Well, one of the reasons for \w to match more than ASCII characters (first with locale, later with Unicode) was that it should be possible to process 'words' in foreign scripts as well.
If we want '\w+' to be able to match Klingon "words", why shouldn't \d+ match Klingon numbers? Yes, \d+ matches digits from different scripts, but \w+ matches word characters from different scripts as well.
Now, don't consider this an argument in favour of having \w match non-ASCII characters - but, IMO, if \w can match non-ASCII characters, so should \d.
Abigail <abig...@abigail.be> wrote: > Now, don't consider this an argument in favour of having \w match non-ASCII > characters - but, IMO, if \w can match non-ASCII characters, so should \d.
This would seem to make the most sense, and be the most predictable. Either all of them match Unicode, or none of them do.
If none of them do, then adding Unicode variations might be a nice idea.
I would suggest
word digit space ASCII-only \w \d \s Includes Unicode \Uw \Ud \Us
Only \U is already used.
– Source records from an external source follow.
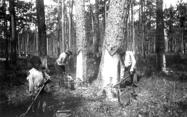 Turpentine workers collecting sap from boxed pines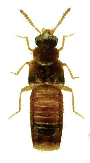 Dorsal view of Gyrophaena (G.) uteana (apical part of abdomen removed).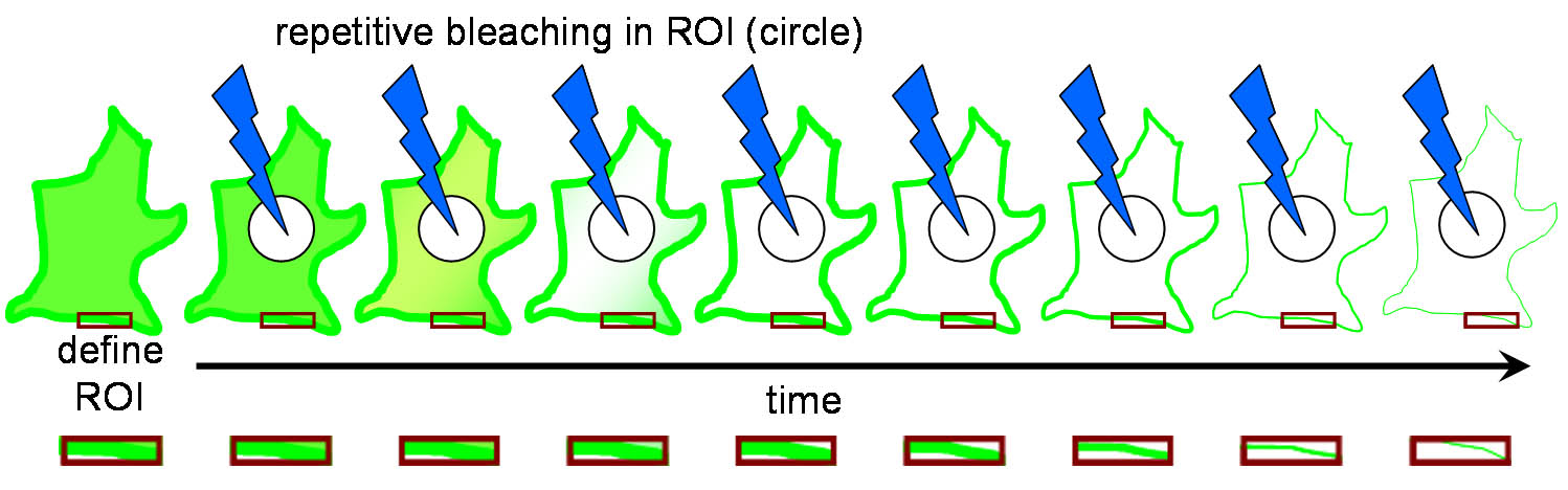 The effects of photobleaching on a region of interest after multiple bleachings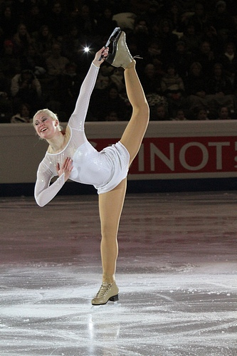 Denise Biellmann at the 2011 European Figure Skating Championships

And \u.
Do we have a definitive list anywhere, on a tangential note, of the remaining unused \x letters?
On Thu, Oct 29, 2009 at 11:04 AM, Abigail <abig...@abigail.be> wrote: > Now, don't consider this an argument in favour of having \w match non-ASCII > characters - but, IMO, if \w can match non-ASCII characters, so should \d.
the constraint that anything that matches /\d+/ should numify to the described number is a reasonable expectation. The alternative to disallowing [^0-9] from \d is expanding numification to include alternatvies. Creating a utof function that knows the values of all the digitty characters from all scripts would require two steps besides compiling the list. The first step is a big discussion to decide how the edge cases, including but not limited to expressions from mixed scripts, expressions from non-base-ten languages (why I used cuneiform yesterday), expressions mixing scripts that mix conventions, ambiguous expressions.
Should attempting to numify Ⅵ0 produce six or sixty or zero and a warning or throw an exception but only under a new pragma and if so how should that pragma be enabled, either via strict or autodie?
Should Ⅵ be expressible as ⅤⅠ?
If the base-ten atoi algorithm is simply applied based on unicode numeric values, for instance, Ⅵ would be six but ⅤⅠ would be sixty-one.
The second step, possible to do simultaneously with the ongoing first step (the continuing proceedings of the working group on unicode to numeric conversions in Perl) is implementing the decisions.
On Thu, Oct 29, 2009 at 04:24:53PM +0000, Paul LeoNerd Evans wrote: > On Thu, 29 Oct 2009 17:04:07 +0100 > Abigail <abig...@abigail.be> wrote:
> > Now, don't consider this an argument in favour of having \w match non-ASCII > > characters - but, IMO, if \w can match non-ASCII characters, so should \d.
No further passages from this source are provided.